In "Chuck Versus the Cliffhanger", Chuck seeks out Volkoff to help him find a cure for the Norseman, which Vivian used on Sarah. Unfortunately, CIA agent Clyde Decker, who was involved in the coverup of Agent X, anticipated his move and had Volkoff deprogrammed to his original identity as Hartley, who has no recollection of the past thirty years. Nonetheless, he tries to help Chuck by preparing an antidote but it is not strong enough for Sarah. Learning from Mary that Volkoff was developing an improved version of the antidote, he and Chuck went to Volkoff Industries, only for Hartley to get cold feet and run away. He later came back and talked down Vivian from killing Chuck. It is also revealed that he volunteered to go undercover and convinced Stephen to use his Intersect program on him. He and Vivian then start new lives with flawless IDs provided by Casey. He also sends Chuck and Sarah all the controlling interest shares to Volkoff Industries, allowing them to purchase the Buy More and start a freelance spy operation.

==Development==
It was announced in October 2010 that actor Timothy Dalton (famous for the role of James Bond in The Living Daylights and Licence to Kill) was cast in a recurring role as Mary's MI6 handler, Tuttle, who has a connection to Mary in the past. Series co-creator Josh Schwartz told Entertainment Weekly, "It's not the kind of character you'd [expect] him to play. There's nothing suave or debonair about him."

The reveal of Volkoff's true identity was highly praised. Eric Goldman of IGN has praised Dalton's performance, writing that he "continues to shine as Volkoff. The mixture of menace and humor he brings is perfect." Goldman asked, "How can you not share the delight of a villain who boasts that his boat has state of the art weaponry and security, 'and an old-fashioned ice cream parlor!' The fact that he was later seen having a menacing conversation, while eating ice cream, only added to that epicness."

==Personality==
In his first appearance, he claimed to be able to kill a man with a plastic fork. When threatened with torture by Dasha, he instantly reveals several irrelevant details about his life.

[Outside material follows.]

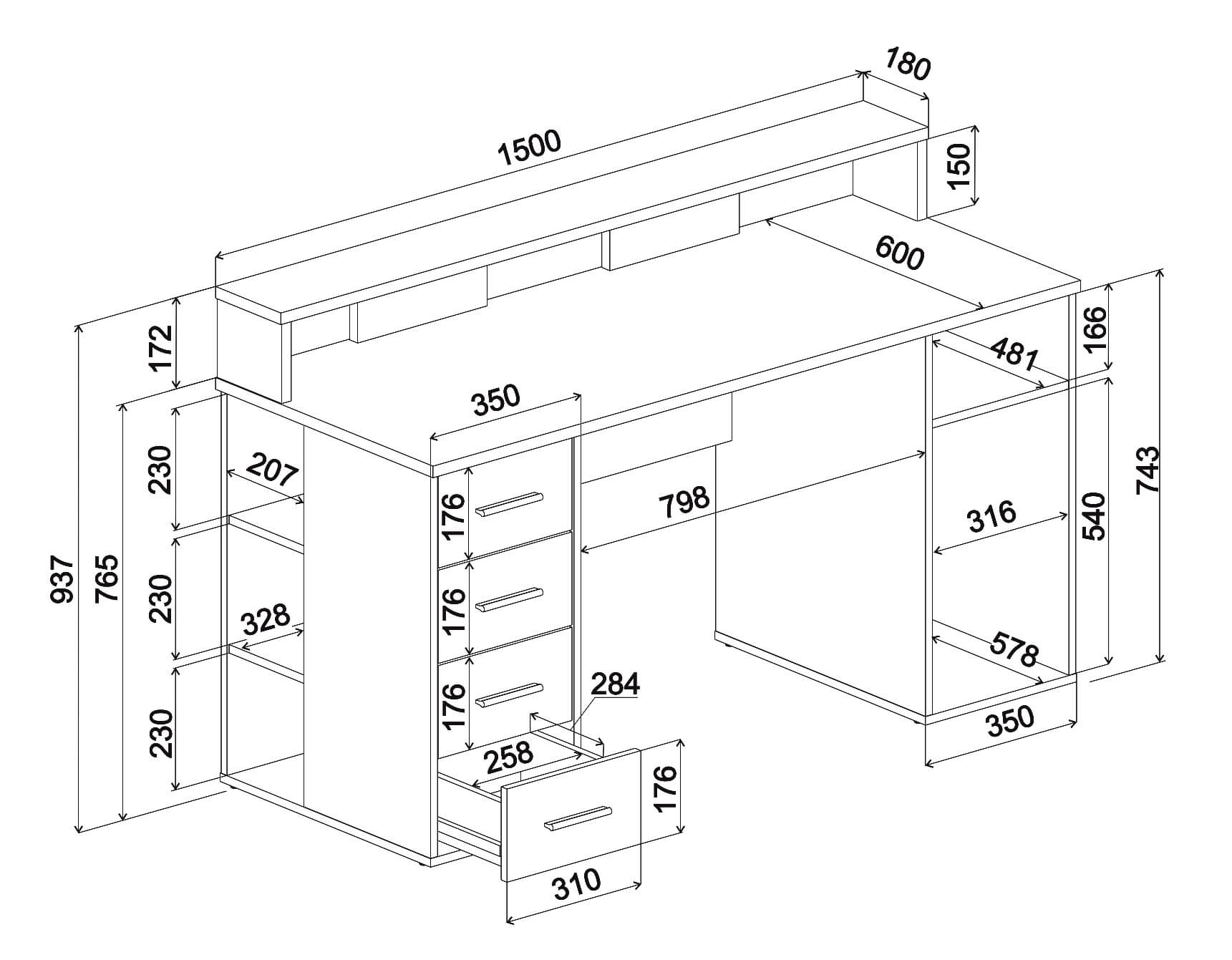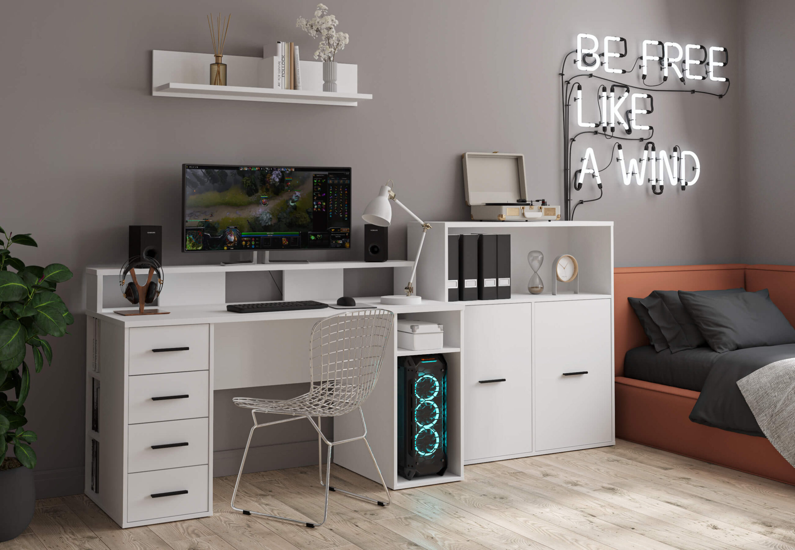 Коллекция компьютерных столов, стеллажей, полок и комодов «Skill»: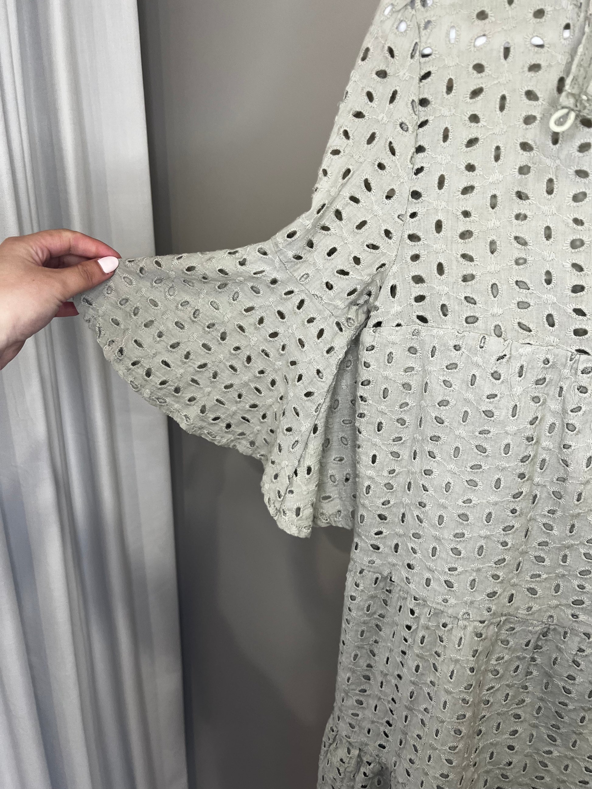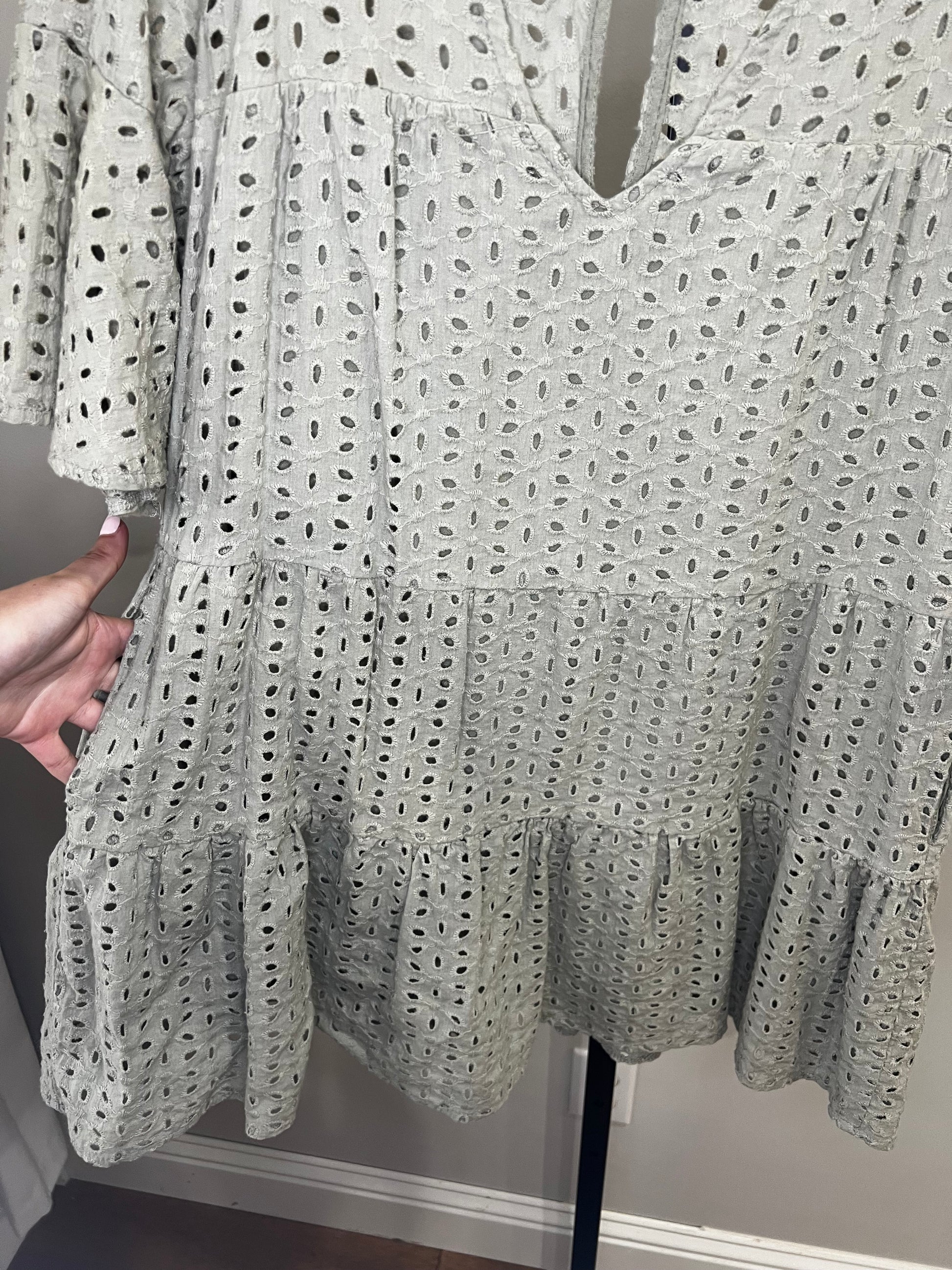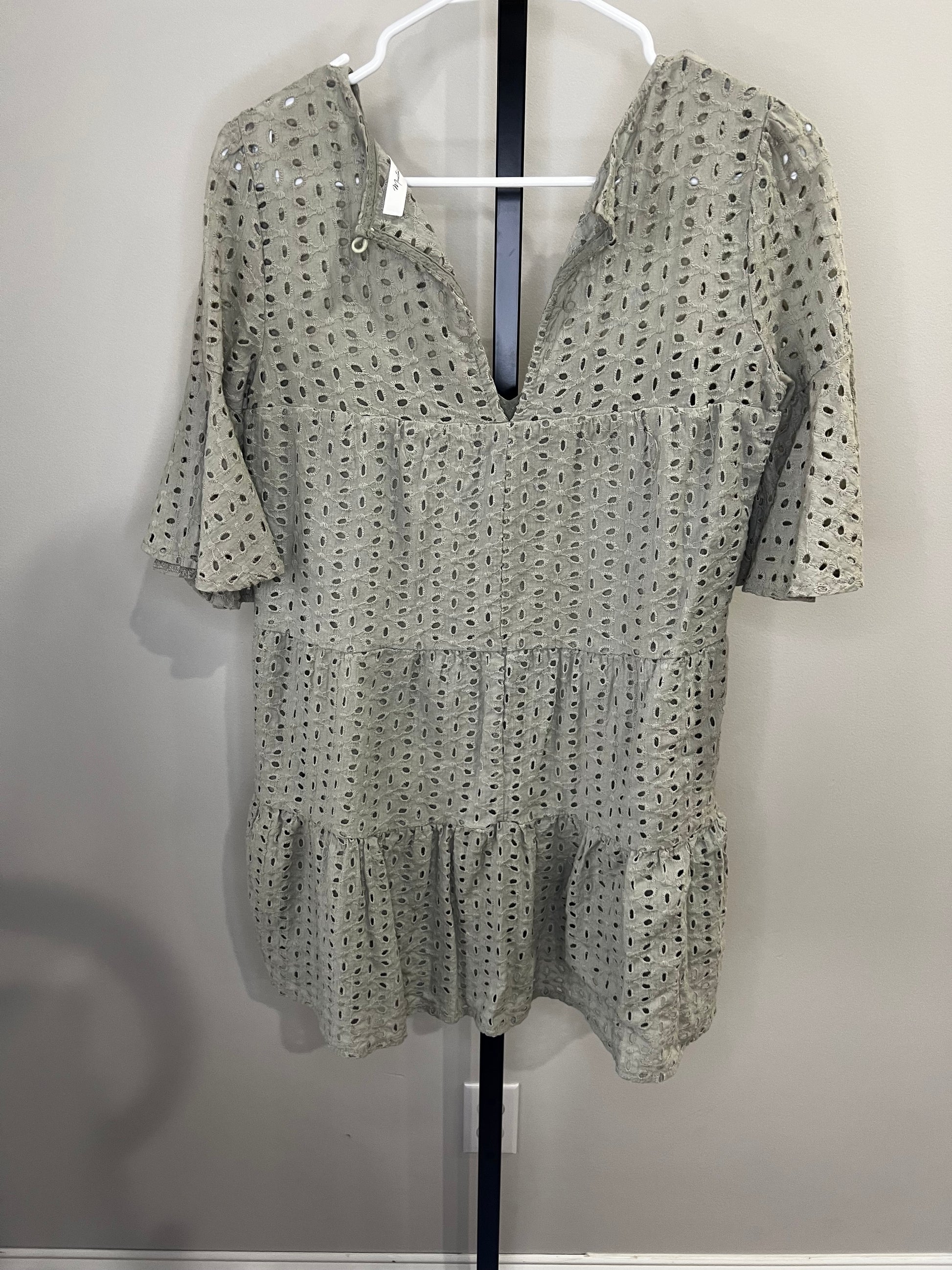 Muted olive green color with the prettiest eyelet lace throughout. Tiered bottom with ruffle sleeves and double lined. No flaws!

It is later revealed that Alexei loves Mary and will go to great lengths to protect her. However, he would rather kill Mary than let her live without him. When holding people at gunpoint, Volkoff cocks the hammer of his semi-automatic pistol, an action unnecessary due to recoil operation, simply because he likes the sound.

Volkoff reveals to Sarah that he is a romantic who appreciates "paintings, poetry, the art of massage." He later gleefully discusses Yuri the Gobbler by saying, "Don't ask why he's called that... It's because he eats people!" In the same episode, he expresses his disappointment before shooting Yuri in the head without hesitation. In "Chuck Versus the Push Mix", Volkoff reveals that the password to unlock Hydra is "Death is the solution to all problems," a quote from his "favorite poet and humanitarian, Joseph Stalin."

Although Volkoff claims to be loved by children, the longest he ever saw his own daughter was ten minutes, with years between each meeting. Volkoff's customary greeting is a kiss to both cheeks and, in Chuck's case, the lips.

"Chuck Versus the Family Volkoff" saw a drastic change in Volkoff's personality, as counseling sessions in prison have led him to regret the way he has lived his life. To prove that he is a changed man, he takes every opportunity to apologize to those he has wronged in the past. He is shown to play chess, nearly getting himself and Chuck killed when he panics after being checked in a computer chess game. It suddenly dawns upon him that he does not want to die. After encouragement by Chuck to return to his old ways, Volkoff is shown to have led the automated player into a trap, paralleling the way he has manipulated Team Bartowski throughout the episode. When his daughter leaves him to die for lying to her, however, Volkoff appears to have genuinely changed.

It is first revealed in "Chuck Versus Agent X" that Alexei Volkoff is actually a constructed identity. As Agent X, Volkoff possesses two distinct personalities: the dangerous arms dealer and his true, long lost personality as the gentle scientist with a dislike for guns, Hartley Winterbottom.